Table 6. IPT and CKX gene expression in ABR17-transgenic A. thaliana

It is possible that the activity of neither IPT nor CKX is responsible for the increased endogenous concentrations of CKs in the ABR17-transgenic lines and the increased endogenous CKs previously reported in the ABR17-transgenic lines may be the result of tRNA degradation by the previously demonstrated RNase activity of pea ABR17 protein [8]. Thus, an increase in free cellular CK would not necessarily involve enhanced IPT or reduced CKX activity; rather it may reflect an increased access to existing, yet tRNA-bound, CK.

Conclusion

We have demonstrated that pea ABR17 cDNA expression modulates the level of a number of transcripts related to plant defense, growth and development, which may explain the observed phenotypic differences between WT and ABR17-transgenic A. thaliana. The gene expression of many transcription factors and defense responsive genes like Hsps and PDFs showed different degree and kind of response between salt treated-ABR17 transgenic and WT A. thaliana, which explains the observed enhanced germination and early seedling vigor in ABR17 transgenic lines, compared to its WT counterpart. Many of the genes exhibiting a 2-fold or higher increase in transcript abundance are known CK-responsive genes providing additional evidence of a role for CKs in ABR17 function. Furthermore, a detailed expression analysis of IPTs and CKXs revealed that the levels of these transcripts were similar in both WT and transgenic seedlings, suggesting the possibility that ABR17 modulates endogenous CKs through an, as of yet, uncharacterized mechanism including the possible degradation of tRNAs which contain CK moieties [94]. These possibilities are currently being investigated in our laboratory.

Methods

Plant material and growth conditions

Transformation of A. thaliana with the pea ABR17 cDNA and the generation of homozygous ABR17-transgenic A. thaliana (line 6.9) have been previously described [19]. This line (6.9) was one of the three independently derived transgenic lines that were characterized in that earlier study. The WT (ecotype WS) and transgenic A. thaliana plants were grown in the green house for observations as previously described [8]. Lateral branches were counted on plants from three independent biological replicates with at least 72 plants per replicate. Average number of days required for the opening of the first flower was also recorded on plants from three biological replicates with 36 plants in each replicate.

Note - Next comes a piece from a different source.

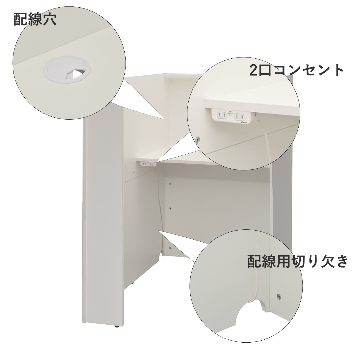 パーソナルブースは、天板にキャップ付き配線穴、天板下方には配線用切り欠きを標準装備しており、モニターやデスクライト等の設置に対応しています。また、天板左下にあらかじめ電源タップを備えた2ヶ口コンセントが付いております。
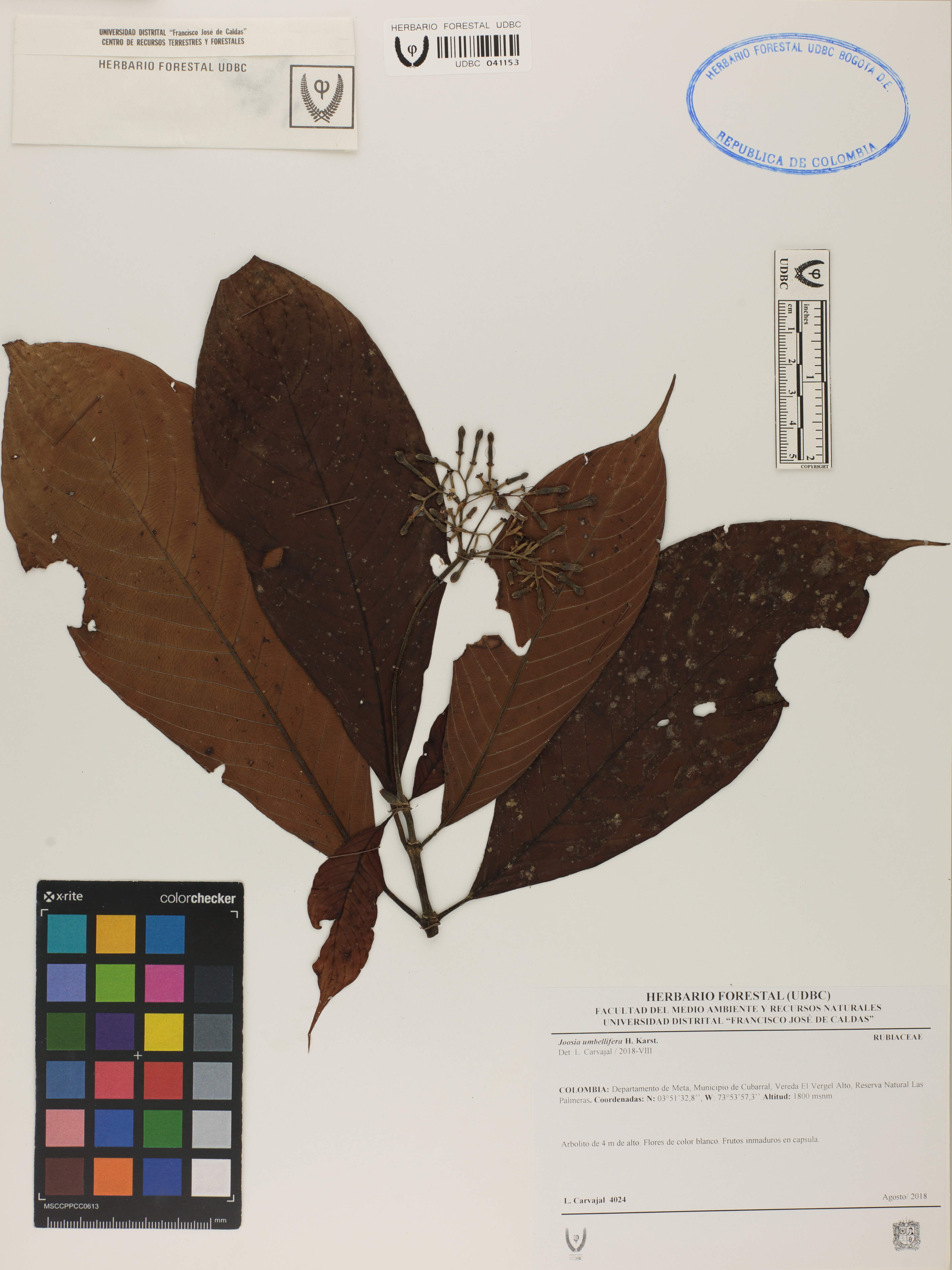 Fotografía del ejemplar Carvajal, L. 4024, determinado como Joosia umbellifera en el año 2018

In order to measure root lengths of seedlings seeds of A. thaliana (line 6.9) and the WT were surface sterilized [8] and placed on half strength Murashige & Skoog (MS) medium [22] with or without salt (75 mM NaCl or 100 mM NaCl) in square dishes with grids. These dishes were placed vertically in a growth chamber (at 21°C and with light intensity of 250 μmol m-2 s-1) and root lengths were measured after 10 days. The seeds of ABR17 and WT seeds were also grown on half strength MS medium with 0 or 100 mM NaCl to determine their fresh weight and chlorophyll and carotenoid contents in order to assess their ability to grow in the presence of salt. The length of the primary roots of 10-day-old seedlings from three independent biological replicates with at least sixty seedlings per replicate, were calculated using the Image J software (Image J, NIH, MD, USA).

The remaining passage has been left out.